Source material:
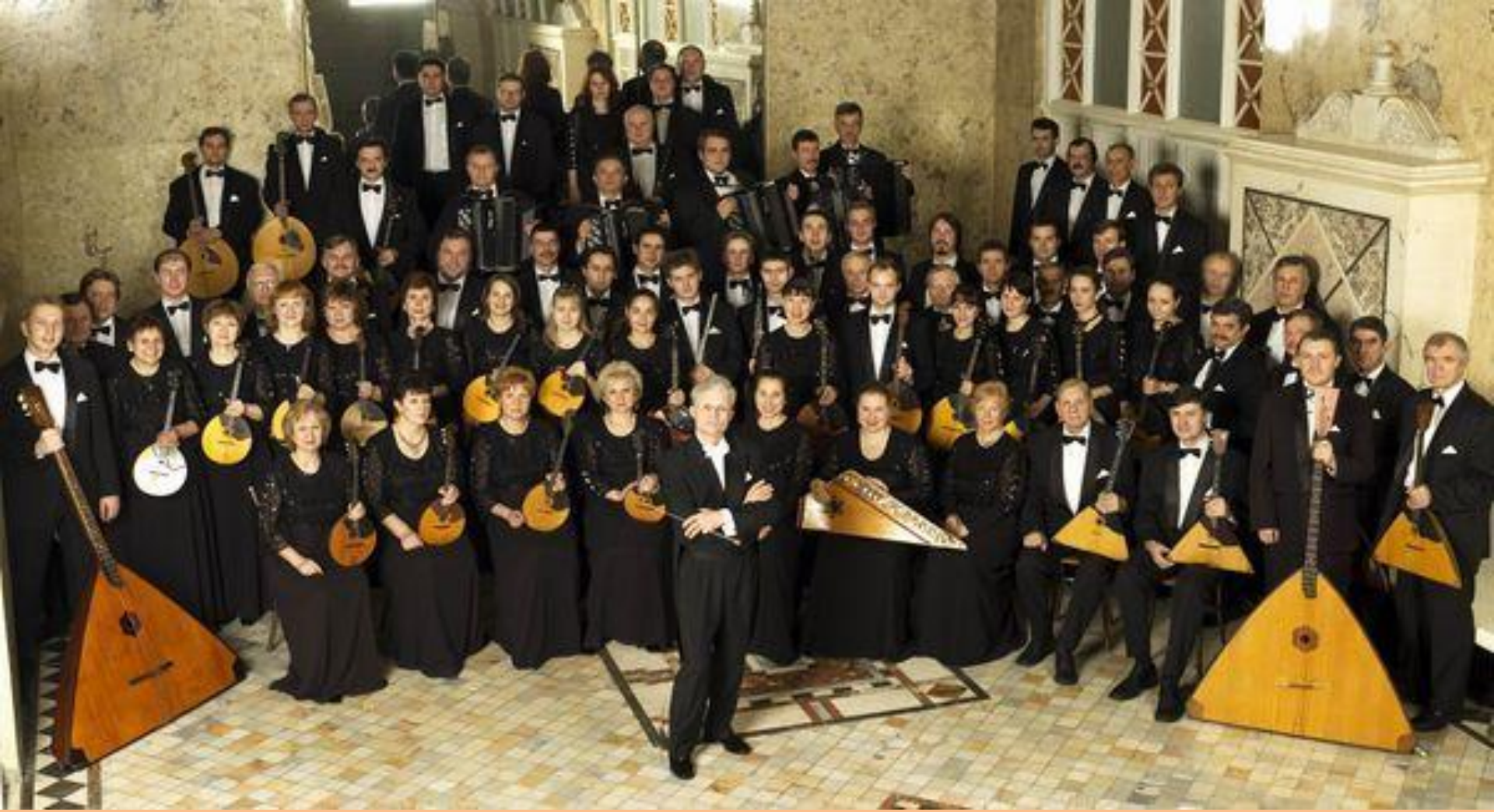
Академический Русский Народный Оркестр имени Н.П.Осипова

* * *

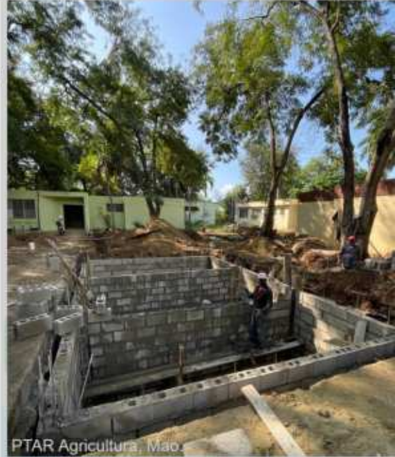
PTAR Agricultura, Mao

--

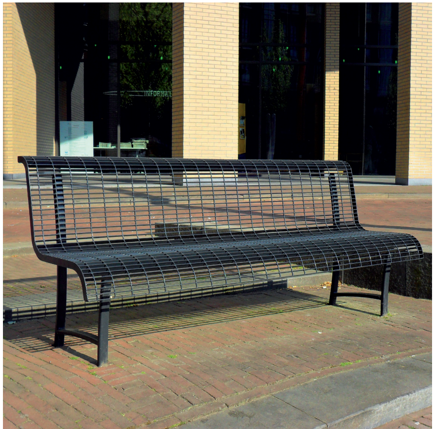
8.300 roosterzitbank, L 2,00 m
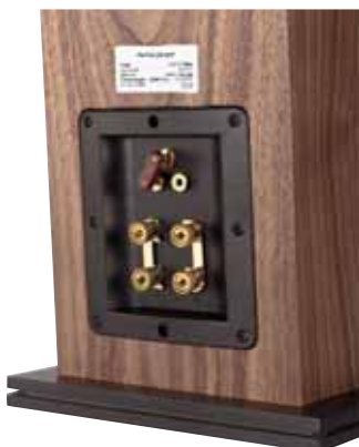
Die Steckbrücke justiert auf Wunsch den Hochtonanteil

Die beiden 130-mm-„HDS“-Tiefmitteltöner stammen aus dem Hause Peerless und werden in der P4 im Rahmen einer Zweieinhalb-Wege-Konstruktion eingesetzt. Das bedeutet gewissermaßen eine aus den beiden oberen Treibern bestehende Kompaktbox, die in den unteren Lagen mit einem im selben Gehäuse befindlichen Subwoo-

Brief:
The lines to reproduce run from the one above containing "8.300 roosterzitbank, L 2,00 m" through the one containing "Die Steckbrücke justiert". Copy them exactly and leave out all pictures.

Solution to the problem:
8.300 roosterzitbank, L 2,00 m
Die Steckbrücke justiert auf Wunsch den Hochtonanteil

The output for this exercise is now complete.